Já o BBCE, por meio de sua plataforma, também visa criar uma curva de preço e, mais do que isso, disponibilizar produtos financeiros (derivativos), criando o balcão organizado de derivativos de energia, sendo que o seu primeiro produto deverá ser o contrato a termo NDF – Non Deliverable Forward

De acordo com definição encontrada no site da CVM – Comissão de Valores Mobiliários, o Balcão Organizado é uma espécie de bolsa, porém sem contraparte central, com menos regras e players menores, ou seja, “é um ambiente administrado por instituições auto-reguladoras que propiciam sistemas informatizados e regras para a negociação de títulos e valores mobiliários. Estas instituições são autorizadas a funcionar pela CVM e por ela são supervisionadas.”. Assim, o Balcão Organizado é uma entidade autorregulada, em que a administradora poderá criar as regras para quem quiser operar naquele mercado, as quais são de aplicação compulsória quando da adesão e ainda possui poderes para a aplicação de penalidade. A Administradora é subordinada a CVM. 

Vale aqui um esclarecimento quanto ao produto derivativo, que nada mais é do que um produto financeiro que tem seu preço derivado do preço de um ativo (taxa de referência, índice de mercado, dentre outros). Assim, o contrato a termo de derivativo de energia seria um contrato financeiro (não se compra a energia física) que tem o seu preço atrelado ao ativo energia e com uma data/prazo de encerramento futuro. Por enquanto, o contrato seria atrelado ao PLD, já que as curvas de preço ainda estão em desenvolvimento. Esse tipo de contrato é muito utilizado no mercado financeiro, principalmente para especulação, por aqueles que buscam ganhar com a diferença de preço e não tem interesse no ativo e para proteção (hedge). 

No caso da proteção costuma-se se dizer que se trava o preço da operação.
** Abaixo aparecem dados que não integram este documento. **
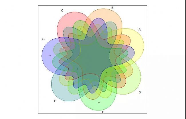 (2)面對多于5個樣本的數(shù)據(jù),大家可以使用叫"venn"的R包,它最多可支持7個樣本的韋恩圖。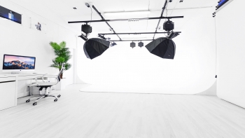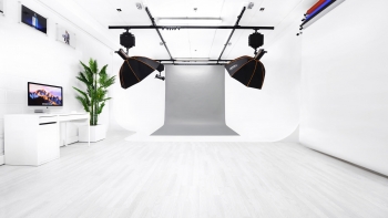 Affordable photo studio with 2 make-up stations, air con, 20 backdrop colours, and easy access to kitchen and waiting area.
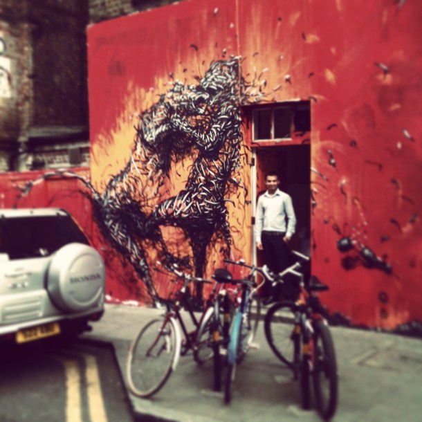 On a Sunday photowalk round and about Brick Lane, London. Came across street art by Chinese-born, SA-based artist, DALeast #happy

Por exemplo: vendeu-se um contrato de longo prazo de energia atrelado ao preço do PLD de hoje mais um spread. O lucro dessa operação física é o spread, porém para que haja lucro ou prejuízo dependerá do preço do PLD.

Assim, diante da volatilidade pode se comprar contratos a termo com o preço do PLD de hoje, garantindo-se que as eventuais diferenças estarão cobertas, ou seja, se o PLD subir irá ganhar dinheiro no derivativo e perder na venda, e ao contrário se ganhará dinheiro na venda e perderá no derivativo, sendo que os montantes devem se anular.   

Outras vantagens desse tipo de contrato são:

  1. negociação de preço e não de energia física (facilita a negociação),
  2. não tem custos de registros na CCEE,
  3. liquidação se dá pela diferença da posição e não pelo valor da operação,
  4. não é preciso emitir nota fiscal,
  5. tributação somente sobre a diferença, e
  6. não há necessidade de contratar corretor ou outra instituição financeira.

Nos parece que os serviços da B3 são complementares ao da BBCE, sendo um importante passo para o crescimento e amadurecimento do mercado de energia, cabendo ao mercado definir a velocidade e qual a estrutura e informações serão utilizadas. Obviamente, apesar do mercado de derivativos não estar sujeito a regulação da entrega da energia (ANEEL), ele sofre impactos do mercado físico, sendo essencial para a evolução do mercado de energia como um todo a solução de problemas de longa data (tal como GSF) e aprimoramentos regulatórios, como, por exemplo, a redução do tempo da liquidação e o preço horário.